Twenty six and Two


At 9:30 on a sunny Friday morning in small-town Connecticut, a teacher heard a sequence of unfamiliar sounds … pop, pop, pop. Fireworks? Gunshots? Both were unlikely noises coming from a classroom down the hall. But it was indeed gunfire. That teacher and her students survived, but minutes later twenty six people lay dead; twenty of them were children. The school principal and the school psychologist were among the dead adults.

How does something like this happen? Mass shootings are hard enough to understand, but it is even worse when children are targeted. Schools in Columbine and at Virginia Tech, a movie theatre, a hospital, a shopping mall … none of it makes sense.
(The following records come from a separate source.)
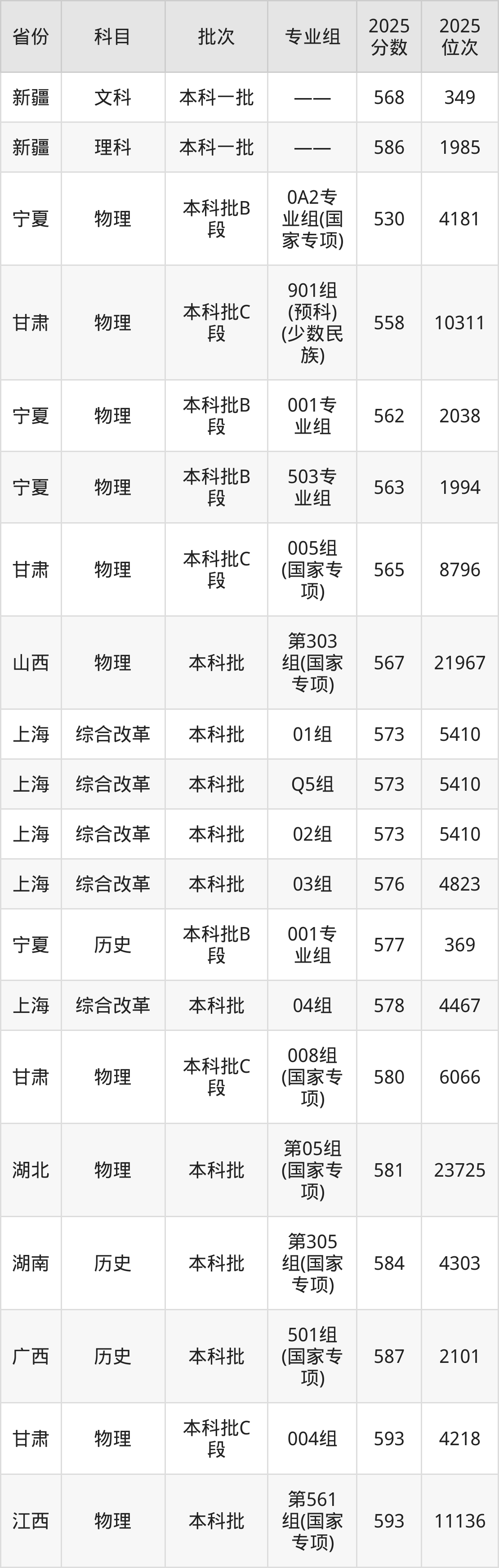 最低录取分数线是568分,对应位次是349名,招生地区为新疆;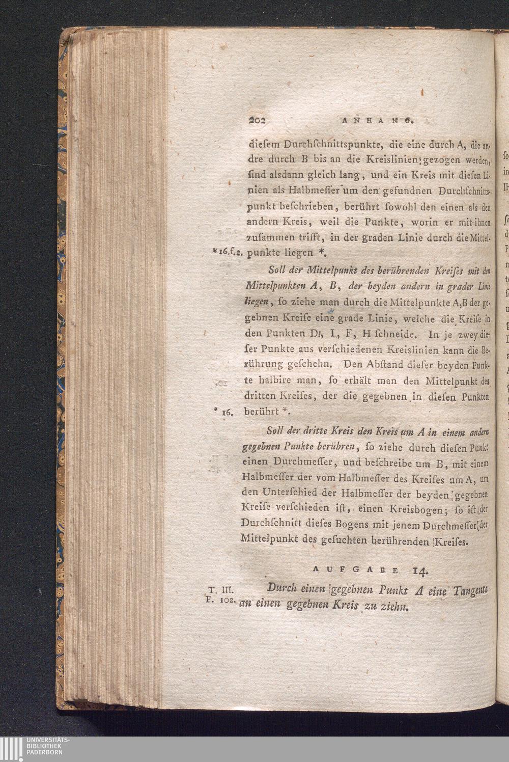 Aufgabe 14. Durch einen gegebnen Punkt A eine Tangente an einen gegebnen Kreis zu[...]
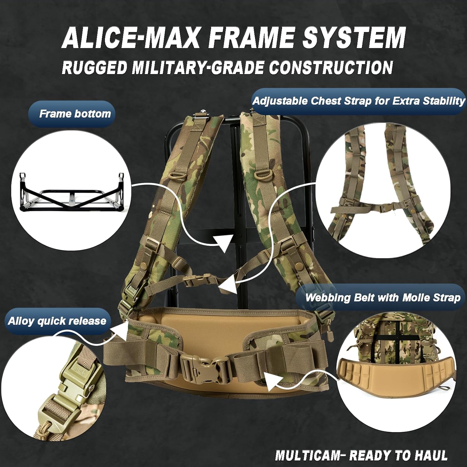 AKmax Military Alice Max Pro Pack Frame with, Kidney Pad & Waist Belt (ALICE frame Max Multi-terrian)
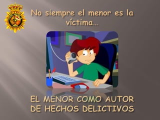 El documento habla sobre los nuevos delitos relacionados con las tecnologías de la información y la comunicación cometidos contra menores. Describe las redes sociales y formas de comunicación más usadas por los menores y explica delitos como la revelación de secretos, amenazas, tratos degradantes, corrupción de menores y apología del racismo que pueden cometerse a través de estas tecnologías. También menciona el acoso cibernético y la necesidad de proteger la privacidad e intimidad de los menores online.
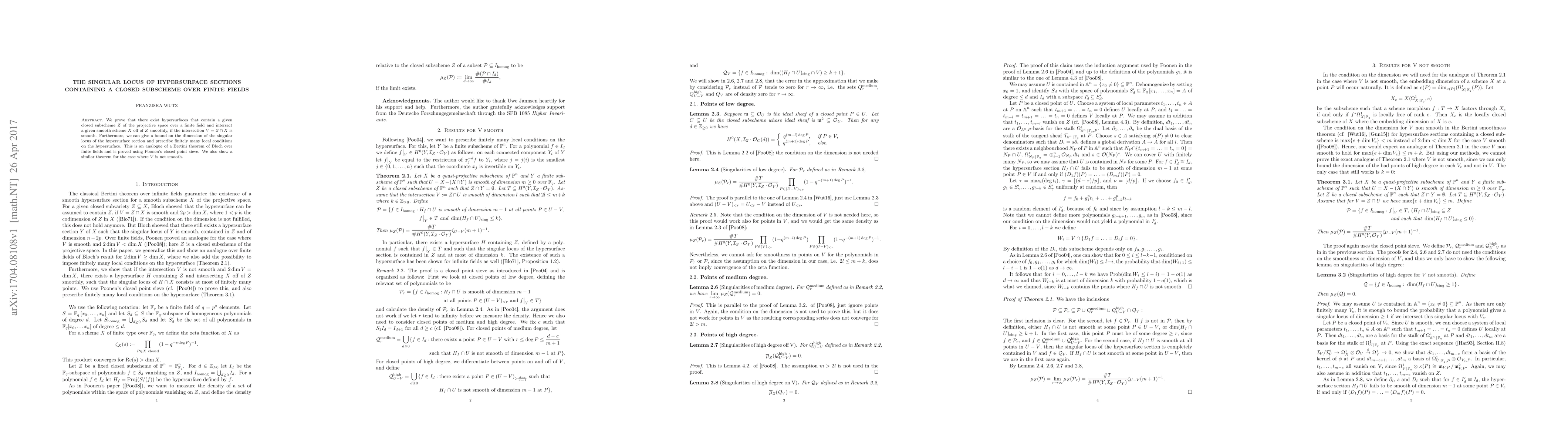 This paper proves the existence of hypersurfaces containing a given closed subscheme $Z$ and intersecting a smooth scheme $X$ smoothly away from $Z$ over finite fields, with bounds on the dimension of the singular locus. It extends a Bertini theorem to finite fields using Poonen's closed point sieve, and also addresses cases where $Z \cap X$ is not smooth.

Yet we try to process and explain. If the school psychologist wasn’t a victim in yesterday’s massacre, he or she would be analyzing the shooter.
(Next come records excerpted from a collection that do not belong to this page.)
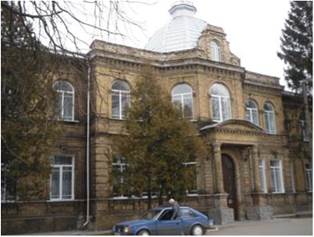 Колишня земська лікарня в місті Ромни Сумської області. Архітектор Костянтин Сроковський. 1905-1907 рр. Сучасне фото
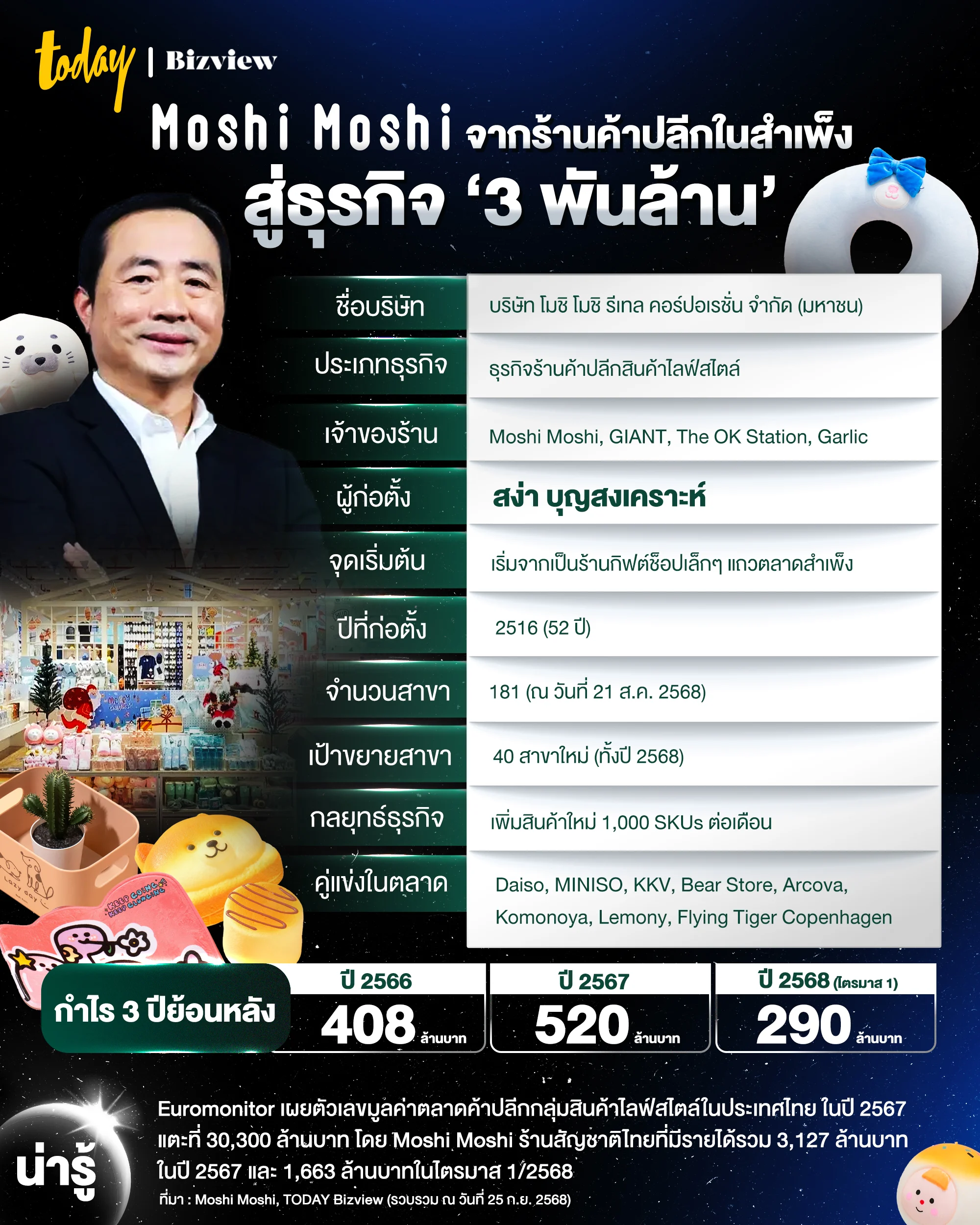 TODAY Bizview ชวนมาดูข้อมูลน่าสนใจเกี่ยวกับแบรนด์นี้ของคนไทย ซึ่งปัจจุบันมีคู่แข่งในตลาดที่เป็นแบรนด์สัญชาติต่างประเทศไม่น้อย แต่ Moshi Moshi ก็ยังเป็นแบรนด์ที่ได้กำไร และมีการเติบโตที่น่าสนใจแบรนด์หนึ่งของคนไทย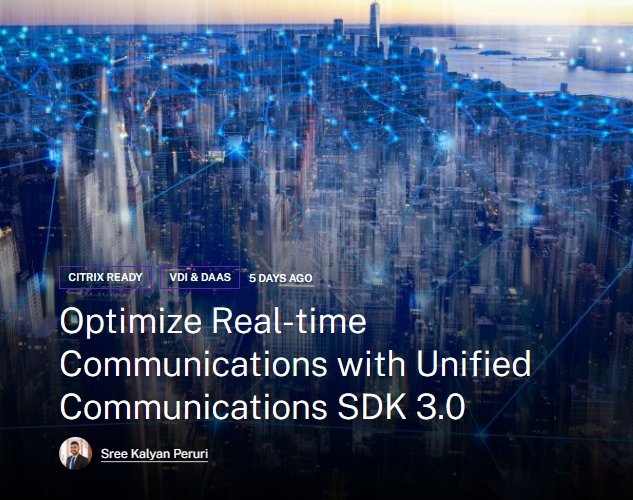 在過去的一年中,Citrix HDX 團隊專注於優化即時通訊。為了履行我們提供匹配或超越本地效能的用戶體驗的承諾,我們很高興地宣布推出統一通訊 (UC) SDK(也稱為 WebRTC SDK)3.0 版。 關於統一通訊 SDK 統一通訊 SDK 專為在即時通...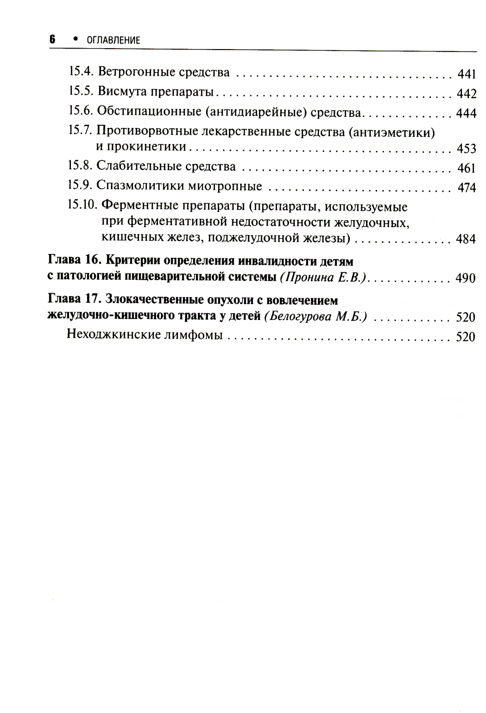 В руководстве рассмотрены современные принципы ведения пациентов с различной патологией желудочно-кишечного тракта от периода новорожденности до подросткового возраста, основанные на клинических рекомендациях, достоверно характеризующих эффективность и безопасность лечебно-диагностических мероприятий, и международных стандартах медицинской помощи с учетом соответствующих государственных требований. Значительное внимание уделено питанию здоровых детей разного возраста. Отдельная глава посвящена пропедевтическим аспектам обследования детей и подростков с патологией пищеварительной системы. Дана исчерпывающая характеристика основных лекарственных препаратов, применяемых в терапии заболеваний желудочно-кишечного тракта у детей и подростков. Особый интерес представляет глава, включающая оценку критериев инвалидности при заболеваниях желудочно-кишечного тракта. Издание адресовано практикующим врачам-педиатрам, семейным врачам, гастроэнтерологам, клиническим ординаторам и студентам медицинских вузов.| Издательство | ГЭОТАР-Медиа |

What leads a 20-year-old male (I refuse to call him a man) to kill his mother, then go to a classroom and kill twenty elementary school children? And don’t give me that “God’s will” crap – even on a bad day, God is not a psychopathic killer. Can we learn something from this? Usually I would say yes, but the only lesson I see here is the need for increased disaster planning in schools.

I grew up thinking school was a safe place. I can’t imagine how I would feel now as a student … or a parent. And one of my initial thoughts related to the teachers. My sister and one of my best friends and my neighbor across the street and many other people I know are teachers. I am almost afraid to ask for their reaction to the latest school shootings. Are they ever afraid to enter their classrooms after an incident like this?

The pro gun and anti gun people are already shouting out, rekindling two sides of the gun control debate. My usual conundrum … I can see both sides. The ‘guns don’t kill, people do’ argument is flawed. While it is true that a determined psycho will find a way to kill even if guns aren’t available, our culture accepts guns, so acquiring them is easy. Guns DO kill people. On the other side of the debate … the guns used yesterday were legally obtained and registered. In fact, they were owned by the shooter’s mother. Gun control laws would not have stopped this one. Would less acceptance of guns in our culture have helped? Who knows?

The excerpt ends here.